Did the Madchester movement really start in Cornwall?

In the early 1980s, Manchester was a city in crisis, when the factories had ground to a halt, and jobs dissipated into the air, leaving its community of honest, hardworking people on their knees, and it looked like nothing was going to lift them up from that state, not for a long time.

Thus, they were forced to soldier on through an industrial wasteland, but then came a new musical chapter, Madchester, which changed everything. The spiky air of punk that had preceded the decade in this great musical city began to soften, and in its place came an innovative era of genre fusion, blending the indie and rock sensibilities of yesteryear with the vibrant new sounds of acid house.
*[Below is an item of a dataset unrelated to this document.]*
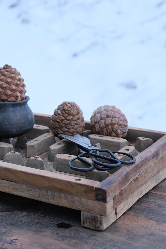 Tænk at noget så praktisk som en saks, kan være så smuk. Saksen har det skønneste mørke håndtag som er udformet på smukkeste vis. Klingen er af jern og skræddersaksen har en god klippekvalitet. Når du ikke bruger saksen til at klippe med, vil den være så fin at lade pynte på et fad eller hæng den på en krog til pynt.
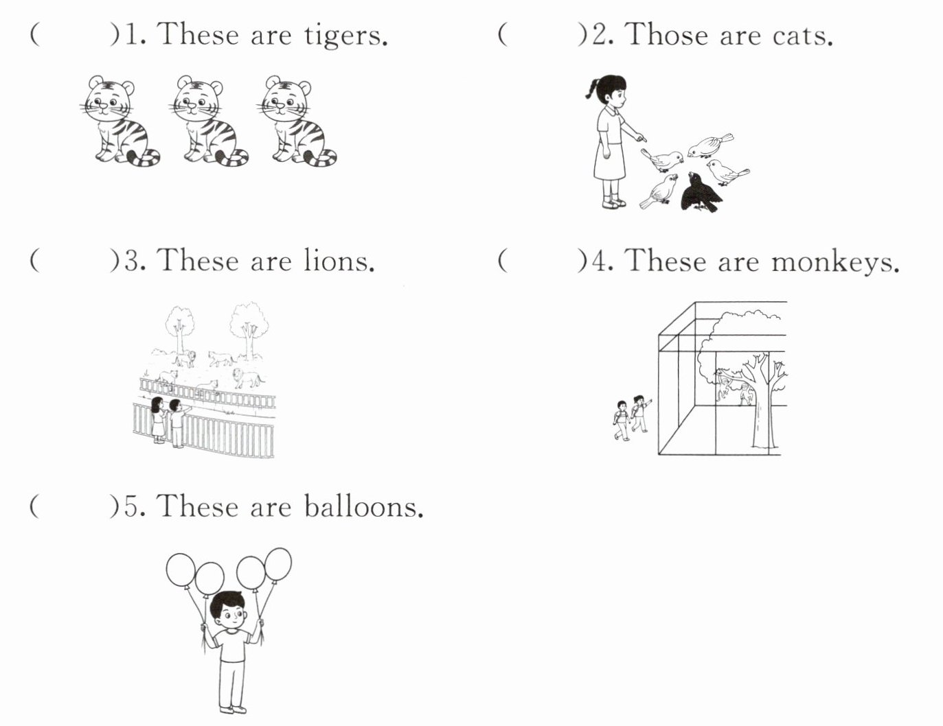 二、读一读下面的句子,判断下列句子与图片内容是否相符,相符的在括号内写“T”,不相符的写“F”。

Of course, it all centred around the Haçienda nightclub, the musical mecca nestled away in the city’s urban ruins, relatively unassuming on the outside but bursting with life on the inside, burgeoning this new psychedelic ‘baggy’ sound, pioneered by Happy Mondays and The Stone Roses.

“Suddenly, so many more people were interested in house music, and they all crowded into the Hacienda,” Joy Division and New Order member Peter Hook recalled of the time, “And all of a sudden, it was steamy. And it was dark. And everyone was off their nut; it was the perfect place for acid house.”

The Stone Roses’ ‘Fools Gold’ captured this sweaty, dense atmosphere of the Haçienda and kick-started the commercialism of the Madchester movement, but while its endless groove and hypnotic guitar licks feel as though they’ve been lifted straight off the Haçienda dancefloor, the reality of its recording couldn’t be further removed if it tried. The Stone Roses camped out in Cornwall’s most remote recording studio, Sawmills, to complete the track and, in doing so, began a longstanding relationship between Manchester’s bands and the sleepy south west county in the process. 

On the banks of the River Fowey in Cornwall, this residential studio is wildly removed from any urban nightlife, and requires the bands in question to follow a strict time schedule based on the tidal movements, meaning that the sort of times these musicians would be rolling in from the Haçienda, is the time they would get up to make a start on their music.

“If they tell you to be there at four o’clock to get the gear in and you turn up at five and the tide’s gone, you have to wait 12 hours before your next chance,” ‘Fools Gold’ producer John Leckie explained, “Everything fits on the little boat, and off you go. Then, once you’re there, you can’t get out unless the tide’s in or you want to take a half-hour walk through the woods. It’s a fantastic place.”

Maybe the hypnosis of remote country travel was akin to the transcendence of Manchester’s nightlife, because whatever happened that day in Sawmills clearly worked for The Stone Roses, as they laid down one of the most iconic tracks in history, sparking the Madchester movement in the process.

In the decade that followed, a catalogue of Manchester bands followed suit and began reading the tide times in conjunction with their lyrics, with both The Verve and Oasis descending on Sawmills to lay down parts for their albums A Storm In Heaven and Definitely Maybe, respectively, defining the north west’s influence on British music, in the process.